| Requirement |
Among the lines below, list those containing the string "Wolves".

[[ Records supplied, beginning ]]

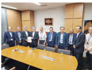
▲富樫議員への要請
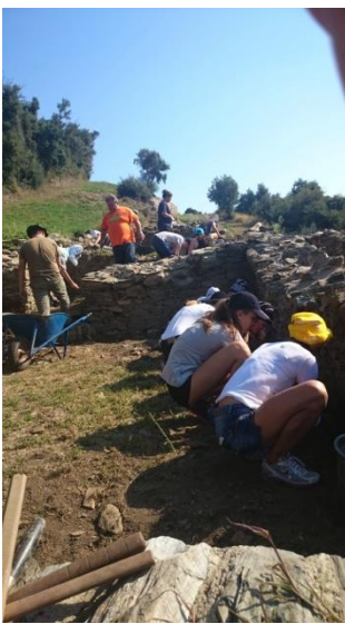
Bei den Ausgrabungen an der Burg
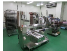
農林水産物処理加工施設
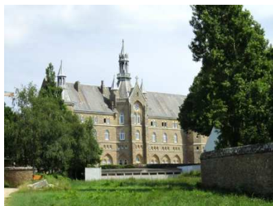
2 Abbayes de Kergonan (Ste Anne et St Michel)
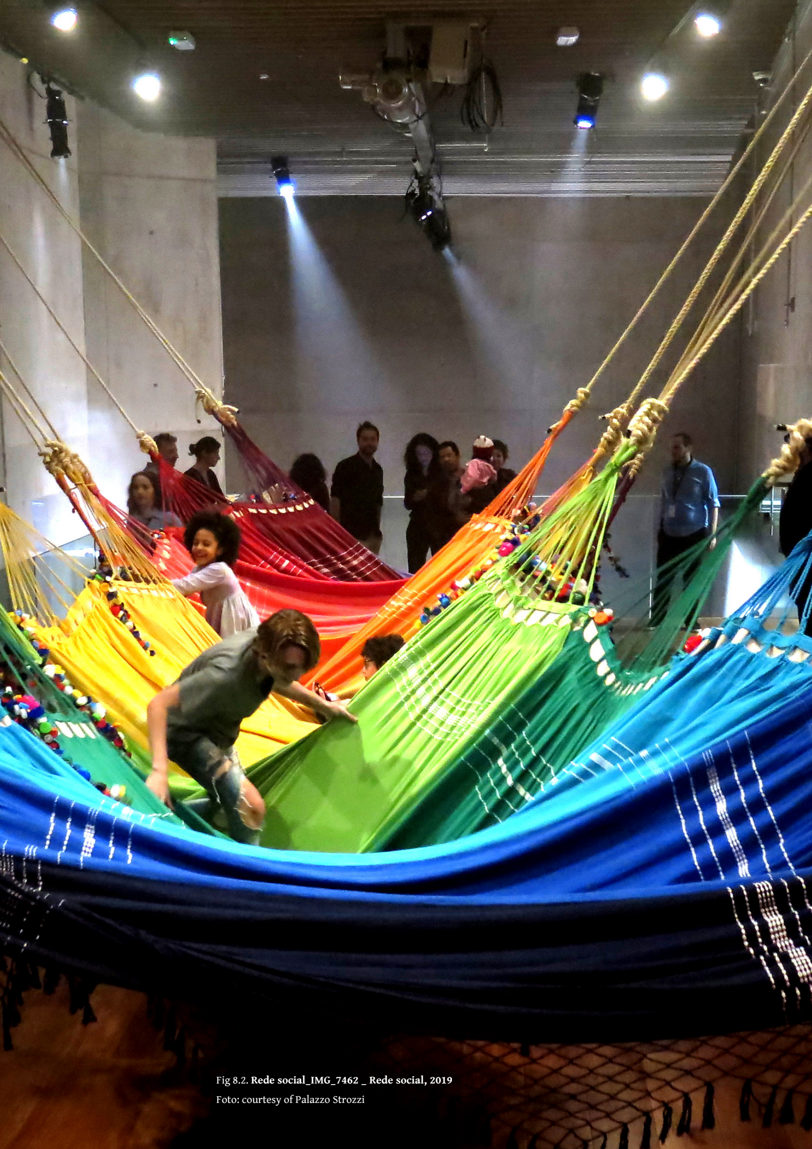
Fig 8.2. Rede social_IMG_7462 _ Rede social, 2019
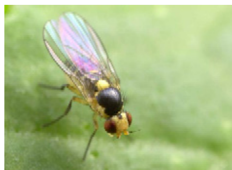
Liriomyza bryoniae .

Av släktet Chromatomyia ser man ibland krysanthemumflugan, C. syngenesiae , på krysanthemum och margueriter. Sallat är också värdväxt. Den mer polyfaga C. horticola kan angripa t.ex. gurka, men det blir sällan mer än enstaka minor i bladen. Chromatomyia -arterna är gråsvarta med mörk behåring.
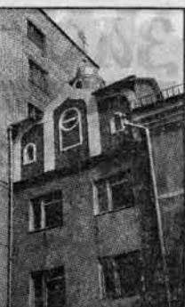
«Между прошлым и будущим», 29 сентября. Часовня в переходе между старым и новым корпусами железнодорожной больницы.
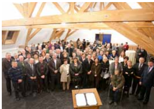
Ontvangst 50-jarigen 10/11/2010
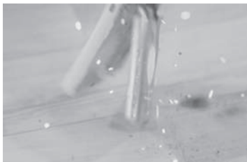
落下により火花が散っている写真

落下などにより大きな衝撃が加わると、変形や電池内部の損傷により、発火することがあります。
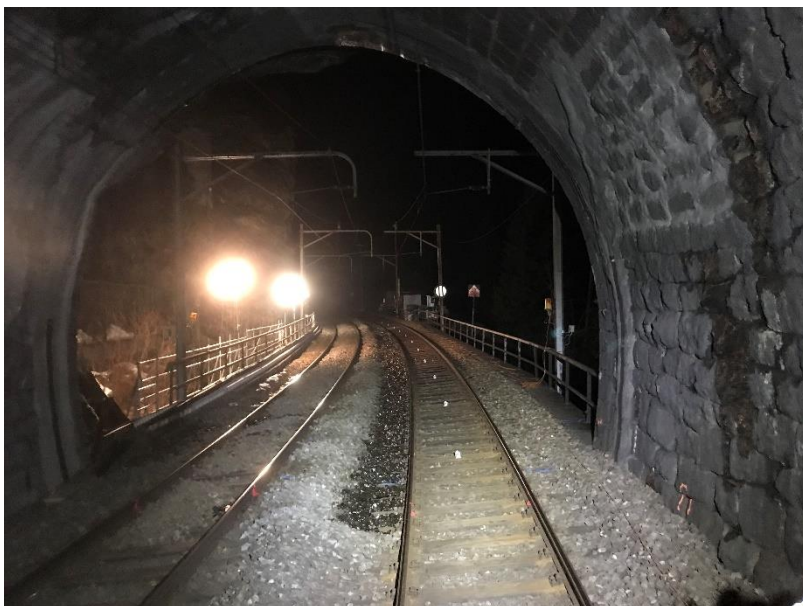
Vue de l'application
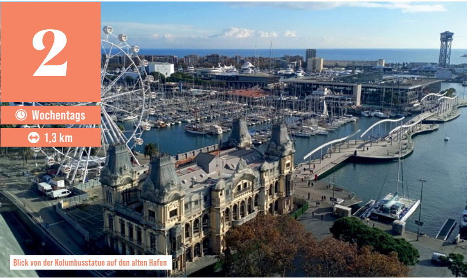
Blick von der Kolumbusstatue auf den alten Hafen
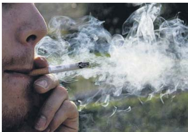
Un fumador consumiendo un cigarrillo.

El país recibe su segunda peor nota en consumo de tabaco —de lograr un 47 cae a un 25— y la tercera, en sobrepeso infantil. En este último aspecto se atisba cierta mejoría, ya que la califica-
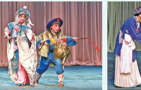
●昆腔《小放牛》演出風趣，具生活情景。
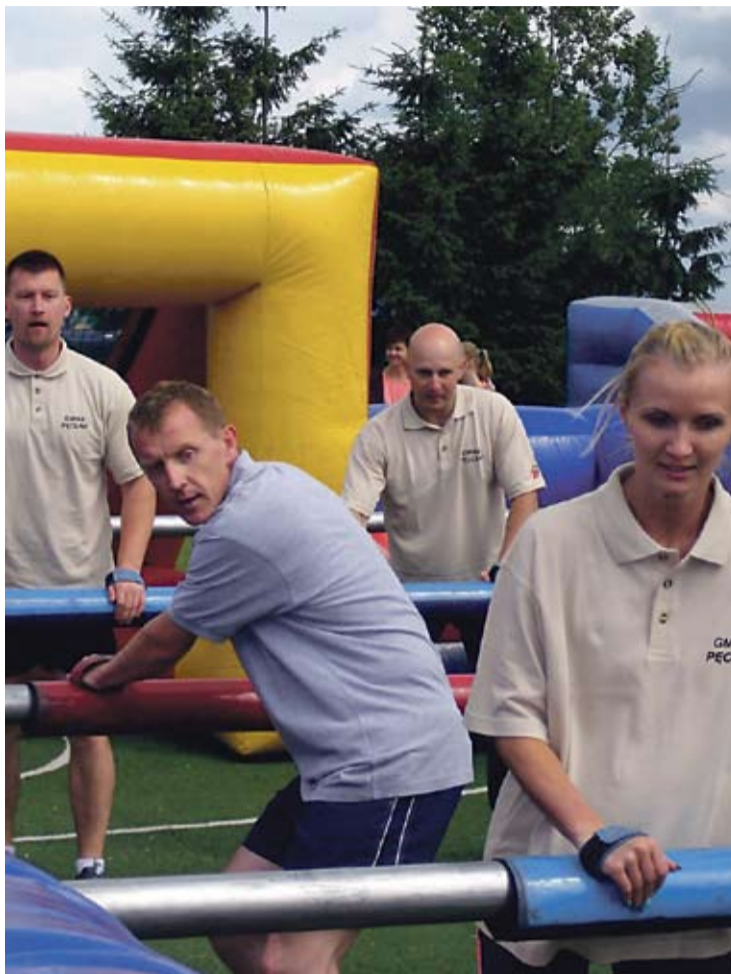
Reprezentacja gospodarzy w akcji.
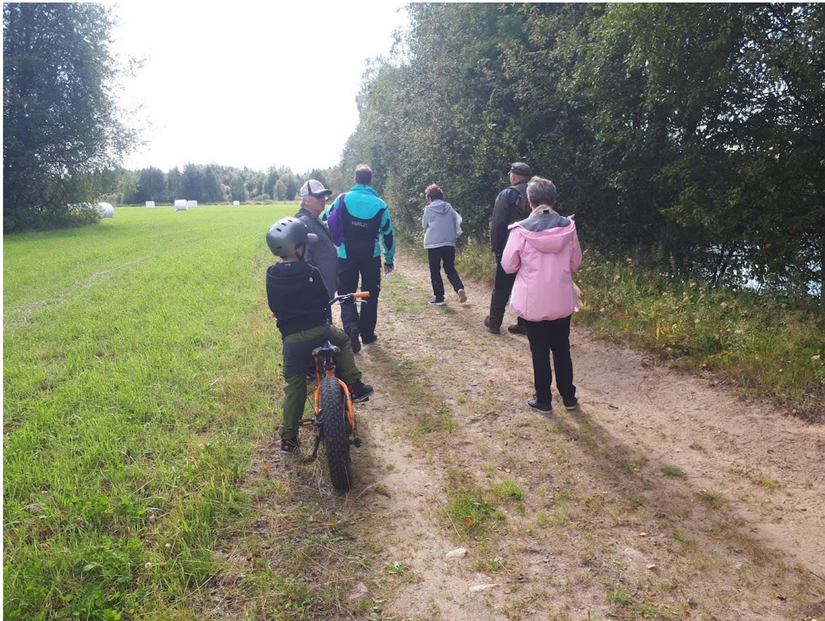
Luontopolun kuntokartoitusta 26.8.2023.
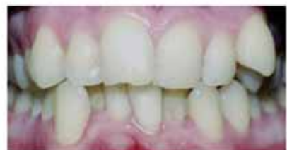
Täiskasvanud patsiendi hambad enne...

Erinevalt lastest on täiskasvanud patsientidel lõualuude kasv lõppenud, seetõttu kasvu modifitseerimist nõudvaid ravimeetodeid täiskasvanutel kasutada ei saa. Lõualuude suhtenomaaliat korraldab kombineeritakse ortodontilist ravi
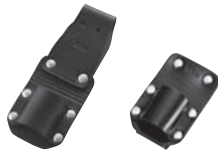
MB-96FL MB-96F Uzun kemer askısı. Sabit tip.
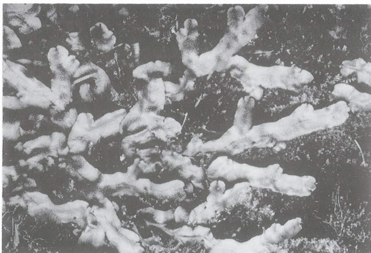
Kegelmos op baksteen-beschoeiing aan de Tweekelerbeek bij Boekelo.

woordt door de bedekkingscijfers van Conocephalum conicum (4) en Pellia epiphylla (2) beter aan het 'ideaalbeeld' van de associatie dan de drie Twentse opnamen in Maas' tabel 9, terwijl de grootte van het proefvlak geringer en daardoor adequater is dan bij sommige andere opnamen van dezelfde auteur. De opgave van Glyceria plicata (= G. notata subsp. notata ) in de opname is twijfelachtig; vermoedelijk gaat het om Glyceria fluitans .
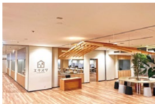
中・高校生等学習スペース「エキスタ」

問 「下関ふく」ブランドの競争力強化の取り組みは。 答 観光と食文化を一体で体験できるコンテンツの創出など、食のみならず高付加価値を提供する取り組みを業界と連携して進める。 ▼交流・にぎわい施策 問 関門海峡におけるジップライン可能性調査業務の背景と事業内容は。 答 実現性を改めて検証し、調査結果を踏まえ、次の展開を判断する。 問 下関陸上競技場施設整備事業について、施設整備の具体的内容と、活用方針については。 答 大型映像装置の設置や施設改修を進め、完成後は多目的スポーツ拠点として活用する。 ▼子ども・教育施策 問 安岡小学校の校舎増築事業の目的は。 答 教室不足解消のため校舎を増築し、令和9年4月に供用開始予定である。 問 玄洋中学校区の新しい学校づくりと複合施設整備の検討状況は。 答 玄洋中学校区で小中一貫校を令和9年に開校し、西山小学校跡地に複合施設整備を検討している。 問 新規学習スペース設置検討業務の取り組みは。 答 中・高校生などに対して快適な学びの場を提供するため、新下関駅周辺で学習スペースの候補地調査を行う。 問 下関市立大学大学院無償化事業
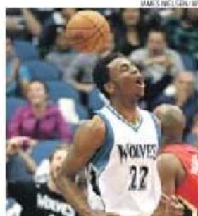
Andrew Wiggins destaca-se nos Wolves

Wiggins participou nos 82 desafios dos Wolves, a pior equipa nesta época, alcançando a média por jogo de 16,9 pontos, o segundo melhor registo da franquia de Minnesota por um estreante, após os 18,2 de Christian Laettner em 1992/93. O espa-
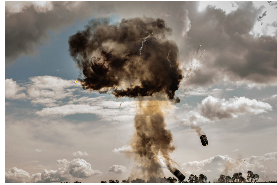
Zlava SENEK 2014: a SAHARA 2014

Pre pochopenie autorových diel musíme ako kľúč zvoliť paradox. Keď Aurel Hrabušický píše o Borisovej metóde ako o ceste, ktorá hovorí „jasne a presvedčivo“, musíme zároveň dodať, že týmto spôsobom rozpráva o nejasnom, o neviditeľnom, o tajomnom. Prekonáva tým obmedzenia lokálne, je jedno, či sú jeho snímky z hlavného mesta Bratislavy alebo z takmer anonymnej dediny niekde na východnom Slovensku. Ale aj obmedzenia časové, pretože nehrá rolu, či je z konkrétneho volebného roku, v ktorom zvíťazila tá či oná politická strana a nie je podstatné, či sa práve dostavala alebo nie ďalšia jadrová elektrárňa. V jeho obraze je identita ťažko uchopiteľná, je postavená na mozaike rozporov, ktoré spája jediné – vitalita. Akoby sa za všetkým, čo Boris Németh objavuje na Slovensku, skrývalo presvedčenie, že koniec nikdy nepríde. Tento zostup do hĺbín, aj keď s dobovými znakmi, pripomína čosi z mágie, je to kúzlenie, ktoré ťaží zo sily mnohoznačných vizuálnych obrazov.
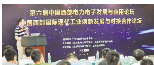
● 2017 成都工博会论坛现场
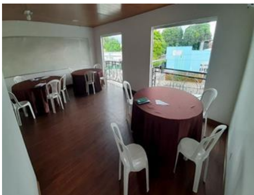
Figura 8: Sala de estudos 1º e 2º andar

Os autores verificaram que, em alguns grupos de estudantes, morar em residências universitária causa impacto mais expressivo sobre o desempenho acadêmico considerando toda a infraestrutura que a mesma apresenta, como é possível percebemos nas imagens referente as salas de estudo e de conveniência disponibilizadas na casa para os estudantes.
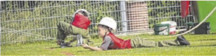
Junge Feuerwehrler gaben ihr Bestes.
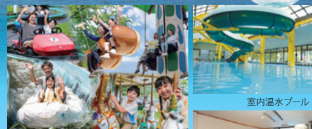
池の平ファミリーランド

※1泊2食(税込)お一人様料金・2名様以上でお申込ください。 ※2名様1ルームはお1人様2,200円税込アップ ※入湯税150円(大人料金のみ対象)別途必要となります。
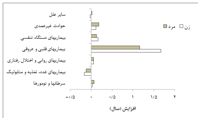
نمودار شماره ۴- نقش سنین سالمندی در افزایش امیدزندگی در کشور به تفکیک علل اصلی مرگ بر حسب جنس، ۱۳۸۵-۹۵
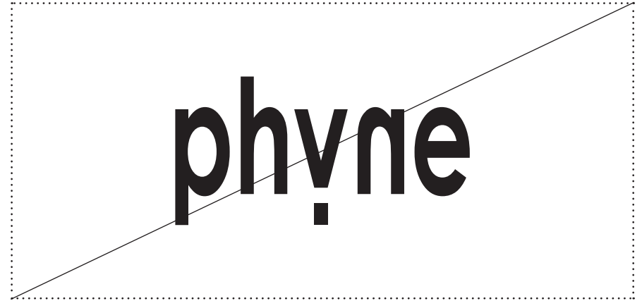
Il est interdit de déformer le logo.
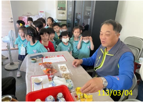
照片說明：和社區長輩吃土豆用台語互動
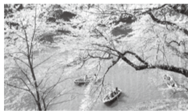
千鳥がふちの桜(北の丸公園より撮影)

先月、皇居・乾通りの桜を見てきました。当日は大勢の花見客でにぎわっており、各々春の訪れを楽しんでいました。
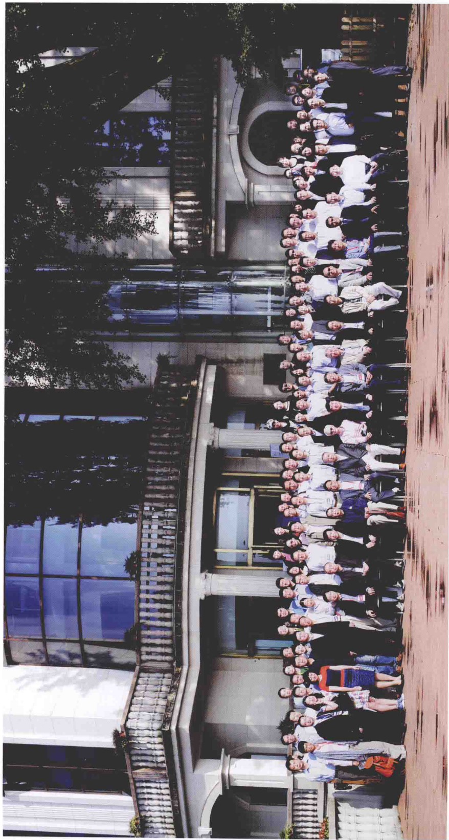
2014年“莫干山会议”参会人员合影
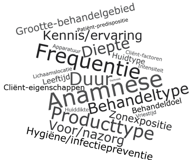
Figuur 2: Word-cloud van factoren die van invloed zijn op het optreden van nadelige effecten. De termen diepte, duur, frequentie, intensiteit en lichaamslocatie slaan op de behandeling.

Voor elk van de bestudeerde risicovolle behandelingen geldt dat er verschillende factoren van invloed kunnen zijn op nadelige effecten. De veldpartijen hebben in het invulformulier voor elk nadelig effect aangegeven om welke factoren het gaat. Een visuele weergave van de genoemde factoren, overkoepelend over alle uitgevraagde behandelingen heen, is weergegeven in Figuur 2.
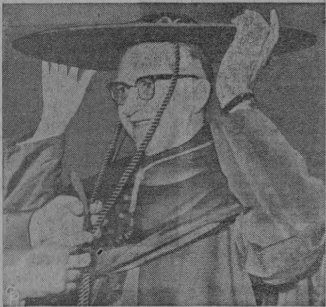
RECIBE EL BIRRETE ROJO DE CARDENAL.—El Cardenal Aloisius Muench, de 70 años, Arzobispo de Fargo, N. D., y que fuera antes de su elevación Nuncio Apostólico en Alemania, se coloca su "galero" (birrete religioso) por primera vez después de las ceremonias en el Vaticano, Roma, Italia. Muench es uno de los dos Cardenales americanos nombrados por el Papa Juan XXIII. El otro es el Cardenal Albert Gregory Meyer, de Chicago.

En efecto, si Rusia entrara en un nuevo período de liberalismo igual al que siguió el XX Congreso del Partido, la Historia, según todas probabilidades, se eliminaría de la circulación. Si, al contrario, la URSS entrara en una nueva era de poder dictatorial, los sucesos, muy pronto, eclipsarían esta obra.
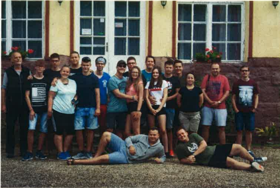
Zárókép a Kisinóci turistaház előtt
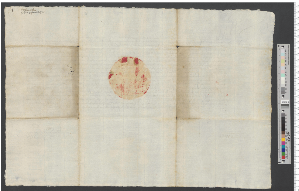
Vorder- und Rückseite der Urkunde GSTA PK, XX. HA, OBA, Nr. 11842.
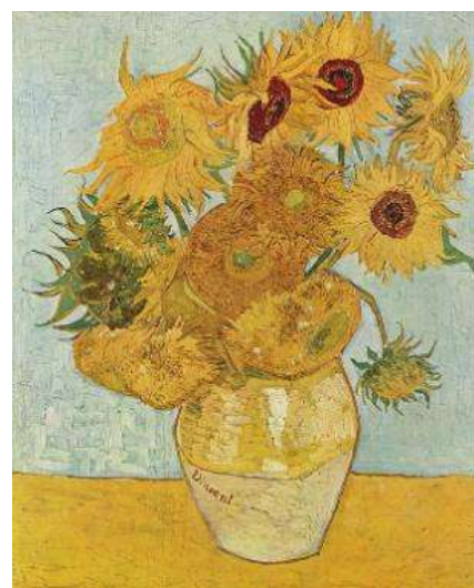
Natură moartă cu floarea soarelui, 1888

O natură statică creativă exprimă atitudinea autorului față de viață, trecută prin propria filosofie și propriul punct de vedere, măiestria profesională. Scopul final este de a transmite privitorului frumusețea celor mai simple obiecte uzuale. Astfel sunt și naturile statice ale lui Van Gogh, pentru care obiectele „banale” servesc drept imbold și sursă pentru a se exprima și a experimenta (naturile statice cu obiecte personale, cu flori (iriși, floarea-soarelui, trandafiri albi), cu obiecte de uz personal
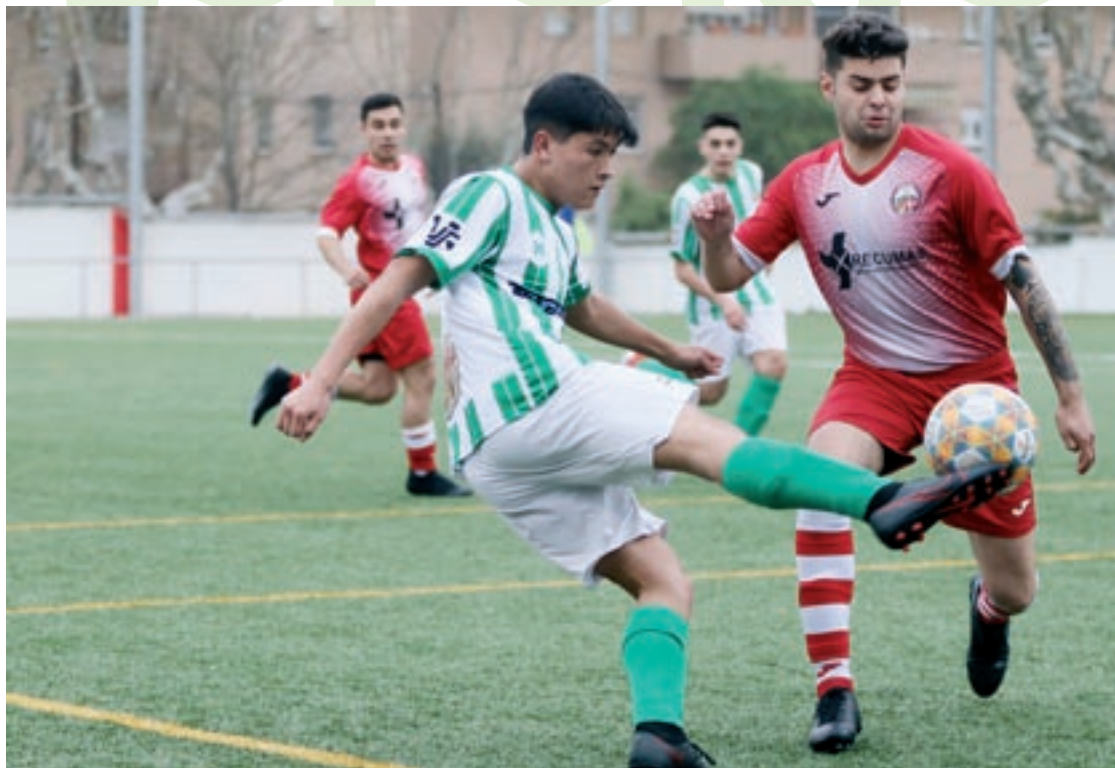
El Sant Celoni no va donar opció a La Batllòria, tot i que es va avançar en el marcador
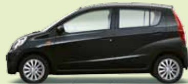
Schwarz Perleffekt (X07)
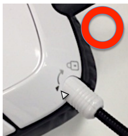
しっかりマイクが入っている状態

[[ Records supplied, end ]]

| Exercise solution |
Andrew Wiggins destaca-se nos Wolves
Wiggins participou nos 82 desafios dos Wolves, a pior equipa nesta época, alcançando a média por jogo de 16,9 pontos, o segundo melhor registo da franquia de Minnesota por um estreante, após os 18,2 de Christian Laettner em 1992/93. O espa-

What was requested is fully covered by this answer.